All too happy to fill those new blank spaces in our calendars, Netflix, Amazon Prime Video, and Apple TV slid out of the shadows and presented their endless menus of enticing offerings to us every night.

The Marvelous Mrs. Maisel, Drive to Survive, The Morning Show. Gripping human stories brought to life with Swiss-watch production values. We quickly became hooked to an array of new shows.

This new habit of watching an hour or two of TV most nights snuck up silently and settled in with us, becoming an invisible fixture in our daily lives.

“Let’s not watch any TV for a month.”

Then, one afternoon in late April, Liz suggested that we not watch any movies or TV in the month of May. I immediately recognized that we had indeed spent a lot of time on the couch in recent weeks, and eagerly agreed to No-TV May.

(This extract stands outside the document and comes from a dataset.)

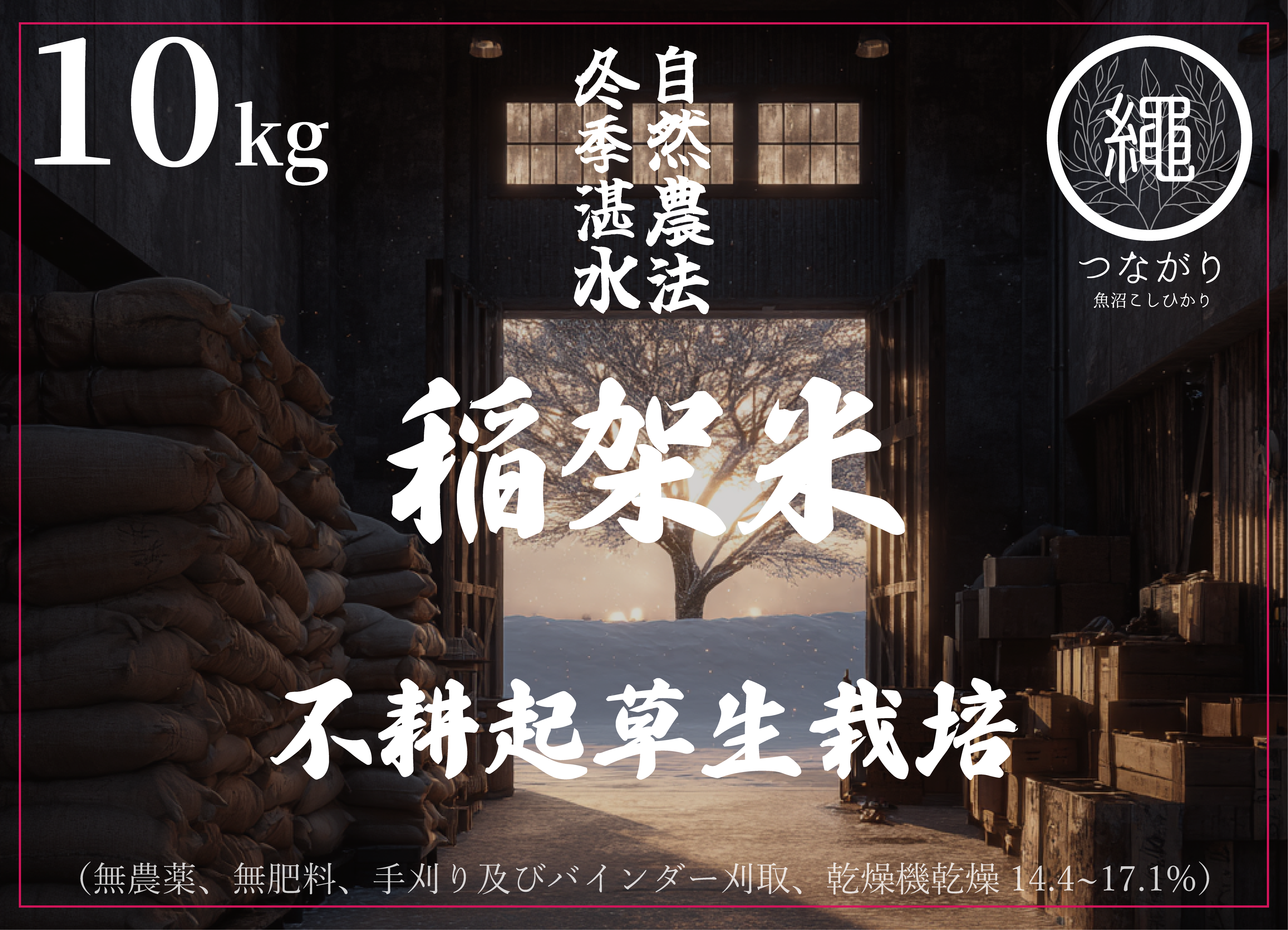 (白米)不耕起草生栽培 自然農法 冬季湧水 稲架米 10kg

The weeks that followed were an explosion of creativity from our naturally active minds, which were no longer pacified every evening into stillness by TV.

A few days into the month of May, I created a new YouTube channel focusing on personal growth for high school students (my company’s area of expertise), and started recording multiple videos per week. Liz massively accelerated progress on her own YouTube channel, and painted prolifically. I learned to cook and began writing personal development articles for a broader audience, two new activities decisively out of character for someone who gave up on cooking in college and hadn’t written anything but emails for years.

Life became more colorful as we embraced the daily opportunity to create rather than consume.

A woman painting a picture
Photo by Bruce Mars on Unsplash.

As an unexpected bonus, my work became less stressful. With the evenings no longer bound by the default habit of watching TV, I knew that I could always wrap up any lingering work after dinner if needed. That extra time each evening felt like a real-life cheat code.

With remarkable swiftness, a new norm had swept in and pushed out the old.

Overnight, nearly ten percent of my waking life had gone from consuming to creating. Suddenly aware of the sheer amount of time I had previously wasted every day, I felt a new sense of dynamism and urgency to do more with my life.

The adjustment was not flawless, however.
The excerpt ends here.